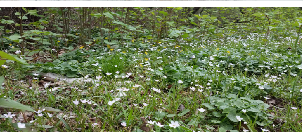
Spring Beauty in bloom near Norwich Creek. Unfortunately their presence is threatened by the encroachment of Japanese Knotweed and Fig Buttercup, also known as Lesser Celandine. Both are non-native, invasive plant species.

"A time of renewal, regeneration, and revitalization"
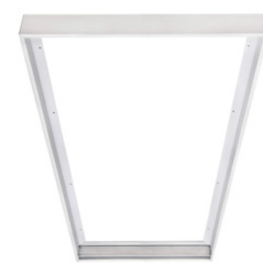
SURFACE MOUNT KIT LBSM24
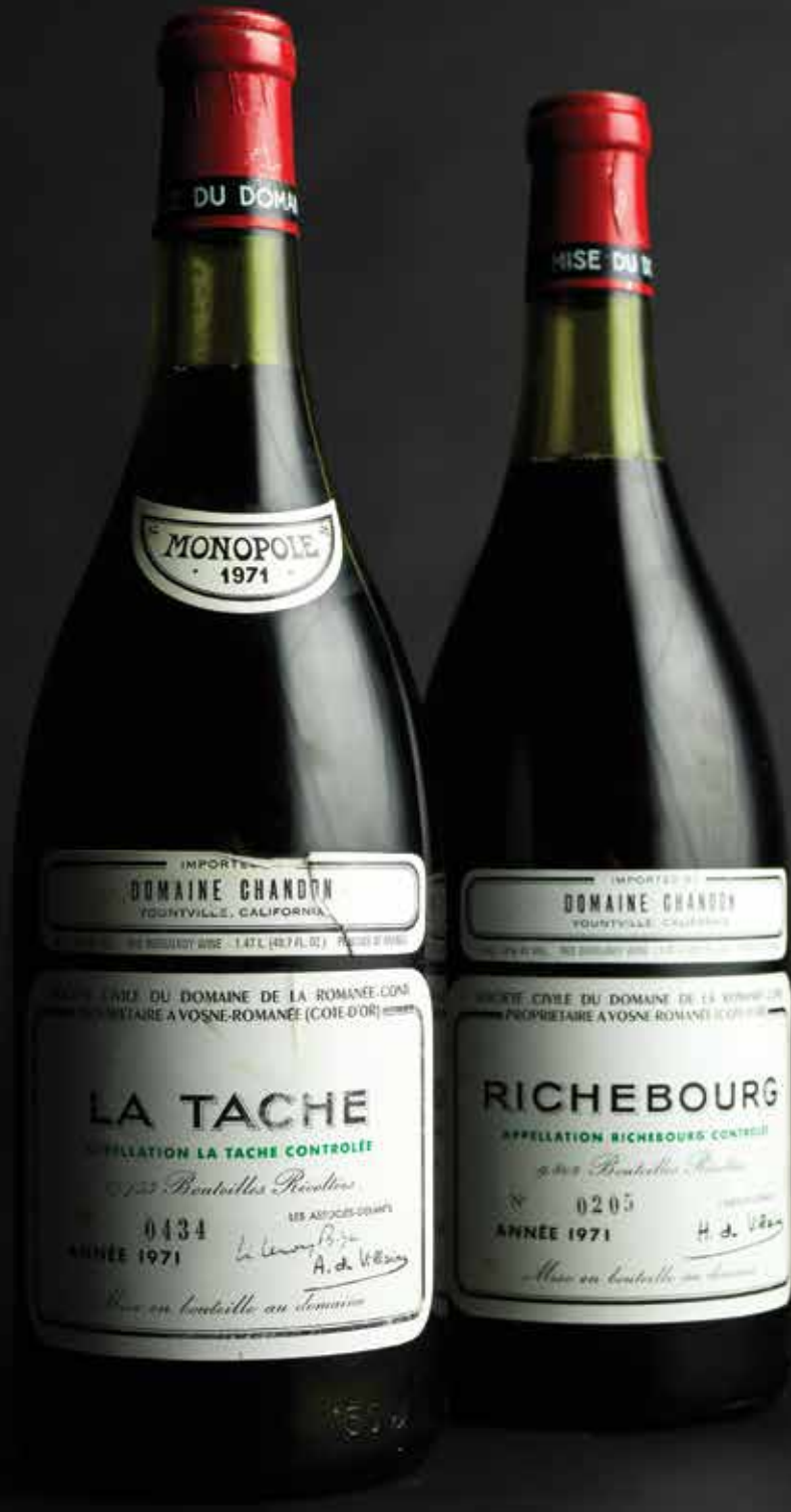
Lots 1401 & 1402
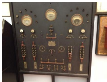
Many alarm antiques were on display for those collectors
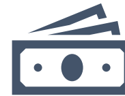
25% LESS THAN SERVICED
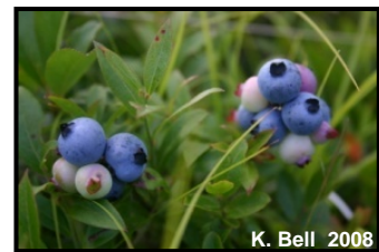
K. Bell 2008
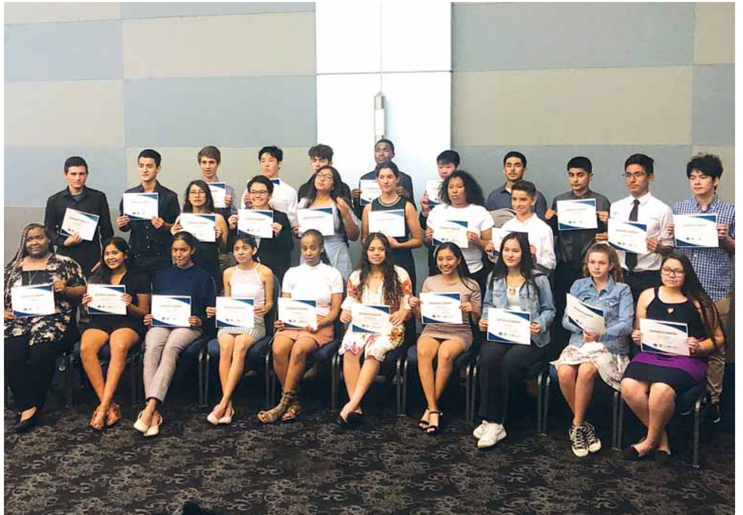
Selected middle and high school students from the Inglewood Unified School District and Centinela Valley Union High School District partook in a two-week program with the National Summer Transportation Institute (NSTI), offered by the College of Engineering, Computer Science, and Technology at Cal State LA from June 27 through July 15. The students flew airplanes after learning about the transportation industry. The program concluded with a graduation dinner Monday, July 15.
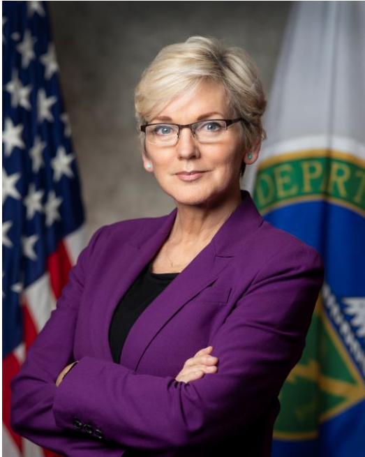
Jennifer Granholm U.S. Secretary of Energy Department of Energy
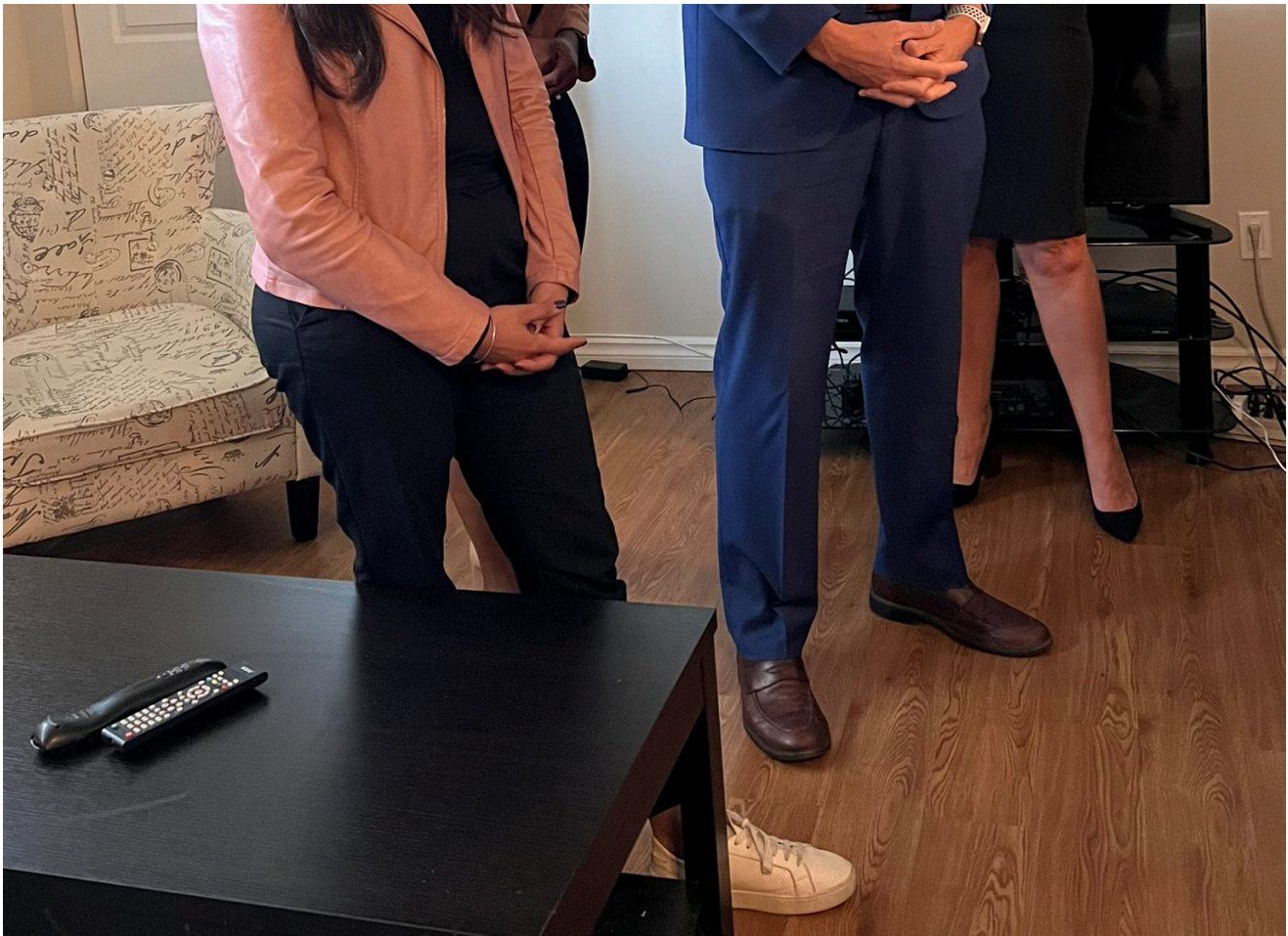
MP Turnbull pictured with Minister Khera at the CMHA Durham group home in Whitby.

After we visited CMHA Durham, Minister Khera and I met with seniors at the Whitby Lawn Bowling Club. We got to test our lawn bowling skills while engaging with the seniors at the club. Operating for 95 years, the Whitby Lawn Bowling Club has been an integral part of our town, promoting staying active and having fun for all members of the community, with a special emphasis on seniors. The Whitby Lawn Bowling Club was also a recipient of the New Horizons for Seniors Program (NHSP) grant this year, and they showed us the positive impact of receiving this fund, whereby they were able to purchase a new lawnmower and allocate money for their members to go to a coaching clinic. The NHSP grant provides funding for projects, such as the Whitby Lawn Bowling Club, that make a difference in the lives of seniors and their communities. Applications for the NHSP are open until November 1st, and I strongly encourage eligible organizations to apply here . It was great to see firsthand how the NHSP funding supports seniors, and I commend the Whitby Lawn Bowling Club for their meaningful contribution to the lives of seniors in Whitby. Lawn bowling is not an easy sport, and I plan to come back to perfect my skills!
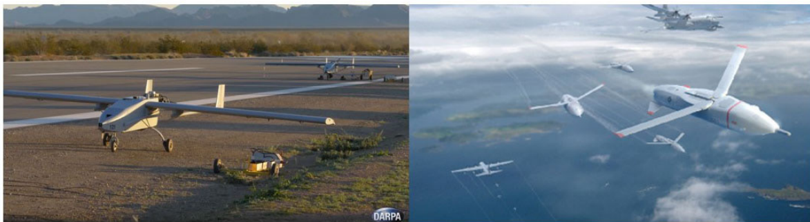
CODE and OFFSET Projects of US

Also, on building offensive capabilities human managers are using the tools of virtual reality to control the formations of hundreds of drones. The acronym, given to this activity in US is 'Offensive Swarm- Enabled Tactics (OFFSET).
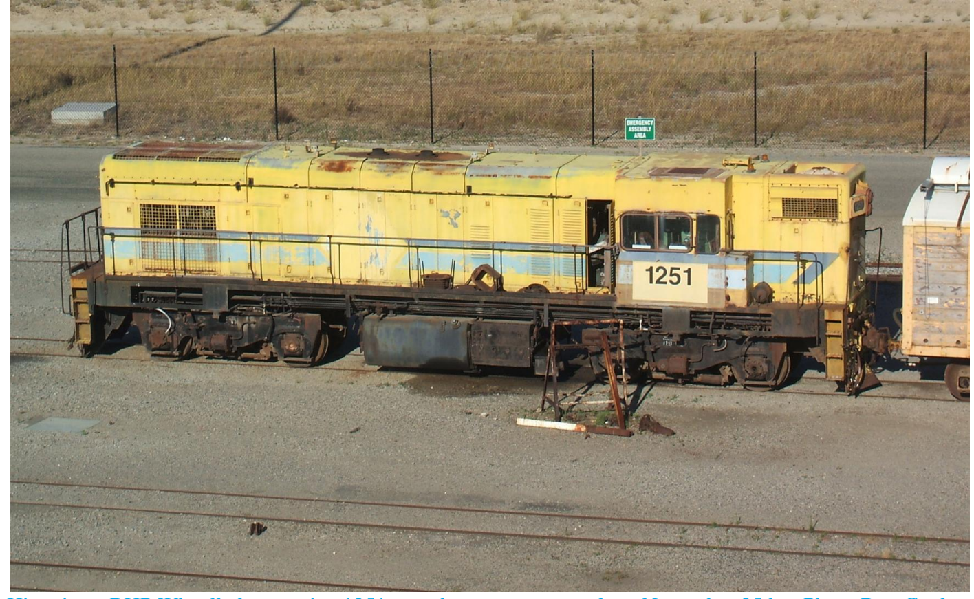
Historic ex BHP Whyalla locomotive 1251 stored at narrow gauge loco November 25th.

#####

Every entry is to be transcribed exactly, but the pictures are to be left out.

Expected answer:
Spring Beauty in bloom near Norwich Creek. Unfortunately their presence is threatened by the encroachment of Japanese Knotweed and Fig Buttercup, also known as Lesser Celandine. Both are non-native, invasive plant species.

"A time of renewal, regeneration, and revitalization"
SURFACE MOUNT KIT LBSM24
Lots 1401 & 1402
Many alarm antiques were on display for those collectors
25% LESS THAN SERVICED
K. Bell 2008
Selected middle and high school students from the Inglewood Unified School District and Centinela Valley Union High School District partook in a two-week program with the National Summer Transportation Institute (NSTI), offered by the College of Engineering, Computer Science, and Technology at Cal State LA from June 27 through July 15. The students flew airplanes after learning about the transportation industry. The program concluded with a graduation dinner Monday, July 15.
Jennifer Granholm U.S. Secretary of Energy Department of Energy
MP Turnbull pictured with Minister Khera at the CMHA Durham group home in Whitby.

After we visited CMHA Durham, Minister Khera and I met with seniors at the Whitby Lawn Bowling Club. We got to test our lawn bowling skills while engaging with the seniors at the club. Operating for 95 years, the Whitby Lawn Bowling Club has been an integral part of our town, promoting staying active and having fun for all members of the community, with a special emphasis on seniors. The Whitby Lawn Bowling Club was also a recipient of the New Horizons for Seniors Program (NHSP) grant this year, and they showed us the positive impact of receiving this fund, whereby they were able to purchase a new lawnmower and allocate money for their members to go to a coaching clinic. The NHSP grant provides funding for projects, such as the Whitby Lawn Bowling Club, that make a difference in the lives of seniors and their communities. Applications for the NHSP are open until November 1st, and I strongly encourage eligible organizations to apply here . It was great to see firsthand how the NHSP funding supports seniors, and I commend the Whitby Lawn Bowling Club for their meaningful contribution to the lives of seniors in Whitby. Lawn bowling is not an easy sport, and I plan to come back to perfect my skills!
CODE and OFFSET Projects of US

Also, on building offensive capabilities human managers are using the tools of virtual reality to control the formations of hundreds of drones. The acronym, given to this activity in US is 'Offensive Swarm- Enabled Tactics (OFFSET).
Historic ex BHP Whyalla locomotive 1251 stored at narrow gauge loco November 25th.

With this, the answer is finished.